Use the available tools.
user:
{{article}}
from prompty import load, invoke_agent
agent = load("orchestrator.prompty")
result = invoke_agent(agent, {"article": "OpenAI announced GPT-5 today..."})
print(result)

No tool functions to register — the runtime resolves kind: prompty tools automatically by loading the child .prompty file and executing it.

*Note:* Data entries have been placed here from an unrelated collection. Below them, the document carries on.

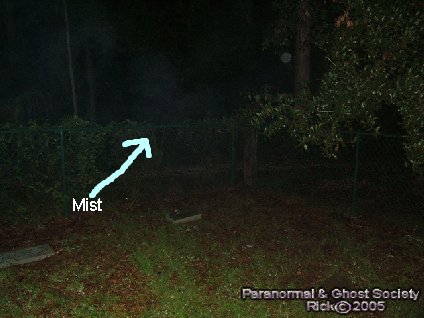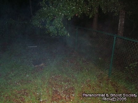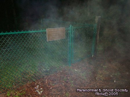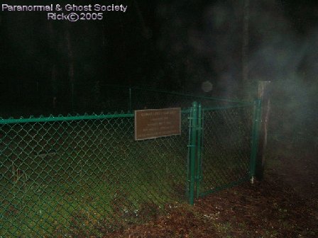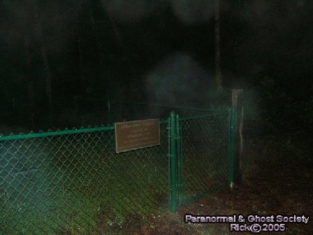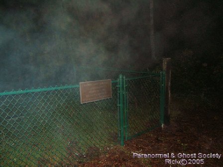 Subj: [ParanormalFlorida] Saturday's Investigation Report.... Date: 8/2/2005 1:19:49 PM Eastern Daylight Time From: AngelOfThyNight@aol.com To: ParanormalBuffalo@yahoogroups.com, paranormalghostsociety@yahoogroups.com, Paranormalflorida@yahoogroups.com, ParanormalGhostSociety@groups.msn.com, ParanormalGhostSocietyConnections@yahoogroups.com CC: FairieGlamour76@aol.com, JayJW99347@aol.com Eatman Family Cemetery We had a long country drive to the Eatman Family Cemetery. This was down alot of woodsy roads with no cars or houses really. Just plain darkness for miles. We drove past this odd side road that had huge iron gates on it but the road was not a cemetery. I parked the car and squeezed in some bars only to come out onto this hilly road going up a steep hill into the woods. Their was some very tall lamp post and it looked like maybe this road led to a mansion of some kind. I came around a bend and found a small fenced in area in the woods with a plaque. I felt really watched and I was alone so I was able to feel out the higher energy here. The cemetery looked very small but it sat in the woods extremely private and almost impossible to get to cause nobody knows about it really. I got Jason and I then showed him where it was. We basically stood inside the cemetery and were shocked at its size. Their were roughly 20 flat stones and one stone that was weathered extremely. We found one stone that dated back to 1836 so this family cemetery has been around for almost 180 years. The cemetery was pulsating with cold chills. Their was something moving around us I seen it jump out at me during one of my photos maybe a child. But my feeling was that whatever was here was lonely and excited to have company. Their was various ghost I believe from the Eatman Cemetery and they did follow me to the gate but would not go past it. What is here likes being here and stays within the boundaries of this family burial ground. I felt a little overwhelming at times. But the entities here were very responsive to me. I was in the cemetery for only a few minutes and very much remained in control of what I needed them to do for me. We did hear some movement off into the woods ghostly or not who knows but when I do the updates the photos will speak for itself. I noticed that they warmed up to me after we spent a little time here reading various stones. But they were also cautious so alot of Ecto shots were at some level of distance unlike other ones I normally get. In the distance was a storm so the sky was flashing like mad off in the distance. We then walked back down the road and gates. The sprinklers went off so we got a little wet but it was a really nice place. It was secluded, relaxing and a nice little ghostly jewel. We then visited Washington Oaks State Park & Gardens.
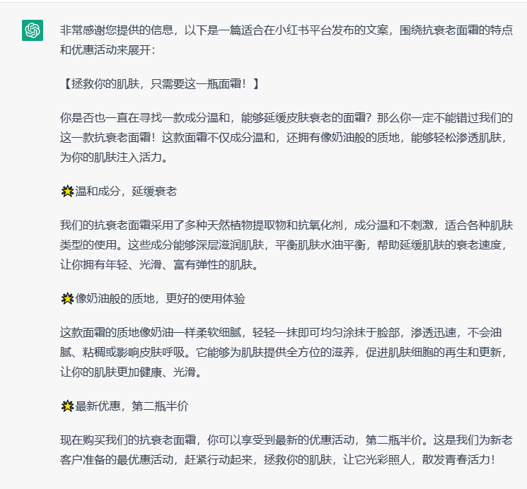 接著,小編讓ChatGPT為一款抗衰老面霜寫一篇文案,同時給到諸如“成分溫和、延緩皮膚衰老“等信息,并且要求ChatGPT結合小紅書的平臺特點。
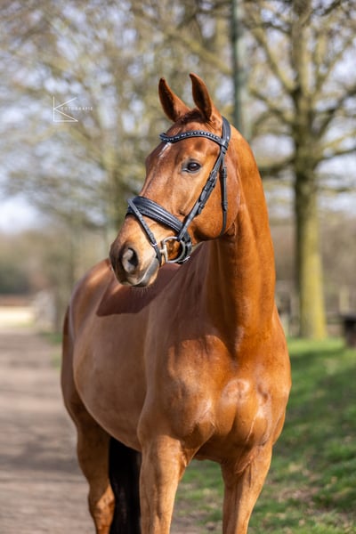 We are seeking a loving companion home for our stunning 11-year-old KWPN gelding (Glock’s Toto Junior x Royal Dance). He is a people-oriented gelding who impresses with his elegant appearance and special presence. Unfortunately, due to osteoarthritis in his cervical spine, he is only limited in his riding ability, which is why we are looking for a place where he can mainly be a horse and have suitable companionship. In box stall housing, he shows clear behavioral issues and does not cope well with this type of accommodation. Therefore, he is preferably to be kept in an open stable or with plenty of turnout and social contact with other horses. Until recently, we regularly exercised the gelding, and he showed no lameness so far. He has not been ridden in the field by us, only handled on the ground. He has been dewormed, is up to date on vaccinations, and has always received veterinary care. His teeth and osteopathic health have been regularly checked, ensuring consistent and thorough health management. Please refrain from arranging a trial ride, as he is currently only limited in his riding ability. The videos and photos are from early March. If you are genuinely interested, we look forward to hearing from you.
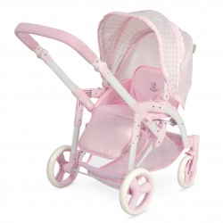 + Le pack comprend : un landau pour poupées en blanc et rose avec structure pliante, des tendeurs de bonnet, un matelas, un coussin, un plateau en tissu, un parasol et un sac pour enfants avec un intérieur en tissu assorti au landau.
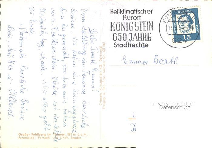 71940350 alte Postkarte Grosser Feldberg Taunus Fernmelde- Fernseh- UKW Sender postalisch gelaufen Erhaltung siehe scans KatCode: 11110006434009

When the agent loop encounters a tool call for a kind: prompty tool, the PromptyToolHandler runs this sequence:

  1. Resolve pathpath is resolved relative to the parent .prompty file’s directory
  2. Load — the child .prompty is loaded via load()
  3. Execute — in single mode: prepare() + run(). In agentic mode: invoke_agent() (the child runs its own agent loop)
  4. Return — the result string is sent back to the parent LLM as the tool response
sequenceDiagram
    participant LLM as Parent LLM
    participant Runtime
    participant Child as summarize.prompty

    LLM->>Runtime: tool_call: summarize({text: "..."})
    Runtime->>Child: load → prepare → run
    Child-->>Runtime: "Summary: ..."
    Runtime-->>LLM: tool result
    LLM->>Runtime: final response

Bindings map the parent’s inputs to the child tool’s parameters — so values flow automatically without the LLM needing to pass them explicitly.

tools:
- name: summarize
kind: prompty
path: ./summarize.prompty
parameters:
- name: text
kind: string
description: The text to summarize
bindings:
context:
input: document

Here, the parent’s document input is automatically passed as the child’s context parameter. The context parameter is stripped from the wire schema sent to the LLM, so the model only sees text as a callable parameter.

This is useful when the child prompt needs context (like a system config or user profile) that the orchestrator already has — the LLM doesn’t need to know about it.